I need to extract seq_00034 from a file path like

    file = "/home/user/workspace/data/seq_00034.pkl"

I know 2 ways to achieve it:

method.A

    import os
    seq_name = os.path.basename(file).split(".")[0]

or

method.B

    seq_name = file.split("/")[-1].split(".")[0]

Which is safer/faster?

(taking the cost of import os into account)

Is there a more elegent way to extract seq_name from given path?


Solution

  • It turns out split twice(i.e. Method B) is faster than os.path + split.

    They are both significantly faster than using pathlib

    speed test:

    import os
    import pathlib
    import time
    
    given_path = "/home/home/user/workspace/data/task_2022_02_xx_xx_xx_xx.pkl"
    
    time1 = time.time()
    for _ in range(10000):
        seq_name = given_path.split("/")[-1].split(".")[0]
    print(time.time()-time1, 'time of split')
    
    
    time2 = time.time()
    for _ in range(10000):
        seq_name = pathlib.Path(given_path).stem
    print(time.time()-time2, 'time of pathlib')
    
    
    time3 = time.time()
    for _ in range(10000):
        seq_name = os.path.basename(given_path).split(".")[0]
    print(time.time()-time3, 'time of os.path')
    

    result (on my PC) is:

    0.00339508056640625 time of split
    0.0355381965637207 time of pathlib
    0.005405426025390625 time of os.path
    

    if we take the time consumed for importing into account, split twice (i.e.

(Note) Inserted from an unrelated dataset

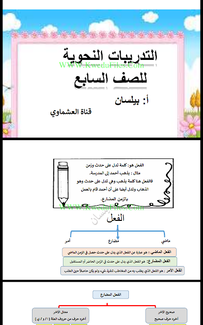 معلومات الملف: 9اوراق في مادة اللغة العربية للصف السابع للكوري الاول تتضمن تدريبات نحوية من اعداد الاستاذة بيلسان | ||

Method B) is still the fastest

    (assume the code is only called once)

    time1 = time.time()
    seq_name = given_path.split("/")[-1].split(".")[0]
    print(time.time()-time1, 'time of split')
    
    time2 = time.time()
    import pathlib
    seq_name = pathlib.Path(given_path).stem
    print(time.time()-time2, 'time of pathlib')
    
    time3 = time.time()
    import os
    seq_name = os.path.basename(given_path).split(".")[0]
    print(time.time()-time3, 'time of os.path')
    
    

    speed test result:

    0.000001430511474609375 time of split
    0.003416776657104492 time of pathlib
    0.0000030994415283203125 time of os.path